Все имел в своей жизни Федор Никифорович. Казалось бы, что еще надо? Но еще имел он при своем высоком положении один непростительный грех — любил азартные игры. Не карты и рулетку. Куски картона и бегающий шарик его не интересовали. Мертвые предметы, покорные воле случая, они, мертвые, сушат мозг и развращают душу. По этой причине он и ходил на ипподром, делая ставки на живых лошадей. Копеечные выигрыши его не интересовали, но тут были нужны знания, опыт, интуиция, и каждая маленькая победа, каждый копеечный выигрыш добавляли ему уважения к себе и уверенности. Но в последнее время Гусеву не везло, что особенно его сердило, и причиной этому был наездник Сурмин.
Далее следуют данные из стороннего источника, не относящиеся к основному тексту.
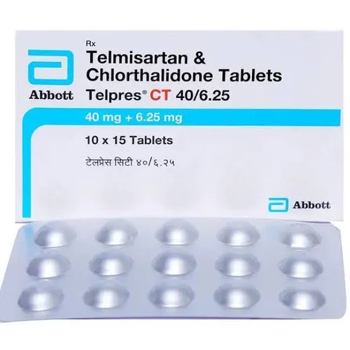 Telpres CT 40/6.25 Tablet contains two active ingredients: Telmisartan and Chlorthalidone. It is often prescribed when blood pressure is not adequately controlled with a single drug. Telmisartan helps relax and widen the blood vessels, allowing blood to flow more easily and lowering pressure. Chlorthalidone is a diuretic that increases urine output, reducing blood volume and pressure. Keeping blood pressure under control reduces the chance of heart attacks, strokes, and kidney damage. Although you might not notice immediate effects, regular use promotes long-term cardiovascular health.

Он всегда выигрывал некстати, когда никто из ипподромных «жучков» победы от него не ждал, и расстраивал ставки Федора Никифоровича.
Тут-то и вспомнил Гусев о Микеше, ипподромном «жучке», бывшем в юности мелким спекулянтом и фарцовщиком, с которым познакомился несколько лет назад, когда сам еще летал невысоко.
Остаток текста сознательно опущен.